* Data for this task

################

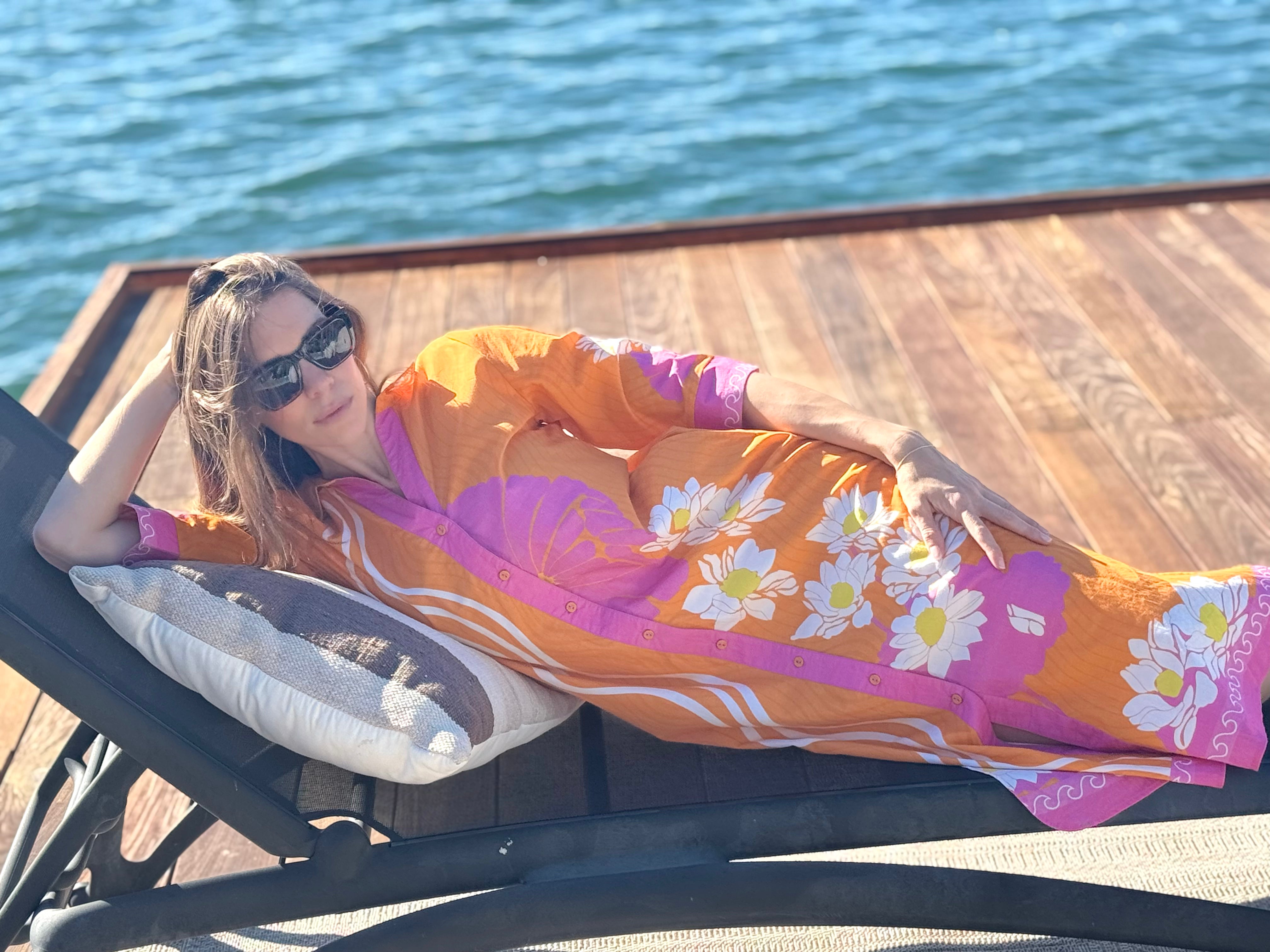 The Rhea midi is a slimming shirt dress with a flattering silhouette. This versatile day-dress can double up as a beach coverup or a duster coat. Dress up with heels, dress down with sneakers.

################

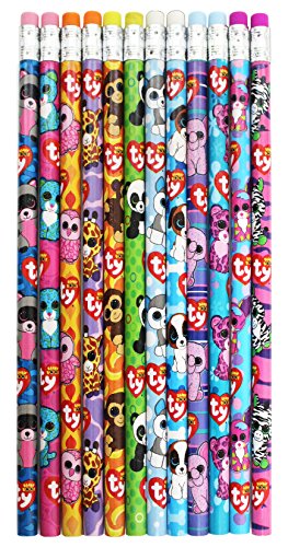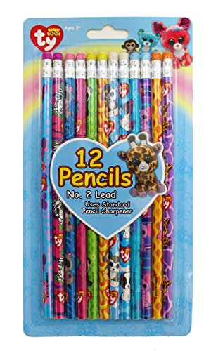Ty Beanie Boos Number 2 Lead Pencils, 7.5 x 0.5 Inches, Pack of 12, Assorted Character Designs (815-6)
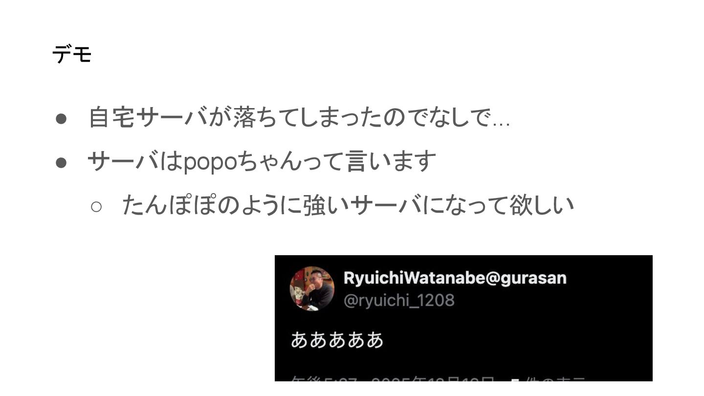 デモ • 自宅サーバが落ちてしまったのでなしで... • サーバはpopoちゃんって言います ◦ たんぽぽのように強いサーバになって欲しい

################

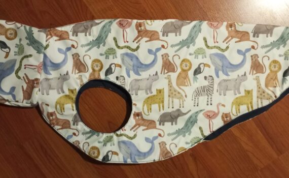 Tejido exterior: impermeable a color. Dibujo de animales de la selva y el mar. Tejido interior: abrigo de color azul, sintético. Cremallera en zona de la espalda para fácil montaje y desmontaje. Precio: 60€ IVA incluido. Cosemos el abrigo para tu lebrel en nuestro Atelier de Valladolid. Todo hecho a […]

################

* Exercise goal
Start with the line above containing "Ty Beanie Boos" and end with the line containing "デモ • 自宅サーバが落ちてしまったのでなしで...". Set down that stretch exactly, without any pictures.

* Exercise answer
Ty Beanie Boos Number 2 Lead Pencils, 7.5 x 0.5 Inches, Pack of 12, Assorted Character Designs (815-6)
 デモ • 自宅サーバが落ちてしまったのでなしで... • サーバはpopoちゃんって言います ◦ たんぽぽのように強いサーバになって欲しい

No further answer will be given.